CNN commentators Van Jones and Angela Rye took on two Donald Trump surrogates on Sunday after she suggested that complaints about systemic racism were overblown.
During a panel discussion about how the presidential candidates had responded to recent protests against police violence in Charlotte, Jones accused Trump of a "botched, zig-zaggy outreach to African-Americans."
"On the one hand, he sticks up for one of the shooting victims in Tulsa," Jones noted. "And then he turns right around and says, 'I want stop and frisk.' Stop and frisk is the most unpopular, the least effective and the most alienating policy -- period -- in policing in 20 years, found unconstitutional. And he reaches out for that."
Rep. Marsha Blackburn (R-TN), a surrogate for Trump, cautioned the panel to "be careful about how they talk about these issues on TV."
"It is imperative that we support a thin blue line," she opined. "It is what separates us from order and anarchy."
Turning to Jones, Blackburn pushed back on claims of institutional racism.
"You cannot say all cops are bad," the Tennessee Republican insisted.
Rye interrupted: "It's very important when we talk about institutional racism to understand where that really comes from."
"And what gets dangerous is when we pretend that history isn't is what it is," she continued. "So as we commemorate the first national museum of African-American history and culture, let us also acknowledge the very treacherous history of law enforcement and black people that [have] roots back to 1704 when you had the very first slave patrol.
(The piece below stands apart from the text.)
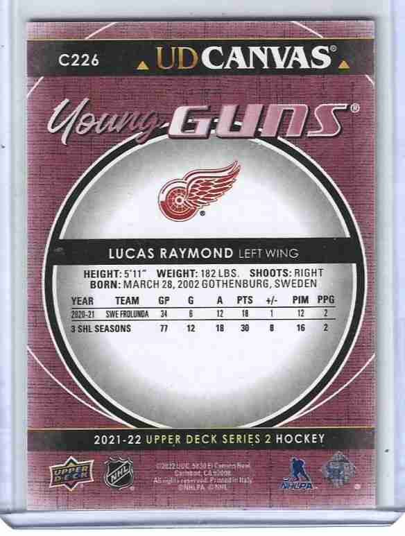 2021/22 UD 2 C226 LUCAS RAYMOND YOUNG GUNS CANVAS

That is our first interaction with law enforcement. The foundation of the institution is horrible for us."
"And you pass those tales down by generation to the point where kids like me growing up -- now, I'm 36 -- are afraid of the police. And that's not for nothing, there's a history there... So, we can't pretend like this came out of nowhere and this is a new phenomenon."
Turning back the presidential campaign, Trump surrogate Andre Bauer defended Trump's call for nationwide "stop and frisk" policy.
"In New York, it did work," Bauer said. "So, he's trying to come up with a way to to fix a problem as someone who is looking at it from a bigger picture than worrying about what polls the best."
"What African-Americans want is an effective and fair policing," Jones replied. "When someone says there's institutional racism, they are not saying every single police officer hates black people. What they're saying is, something is happening where there's a bias, where an African-American kid wearing a hoodie seems to be a threat; a white kid wearing a hoodie might be seen maybe as a Silicon Valley entrepreneur. And there's an unfairness there."
"When you start talking about data, when you start talking about trends, and somebody says, 'Well you just hate all cops,' that shuts down the discussion as well," Jones observed. "This stop and frisk mess needs to end."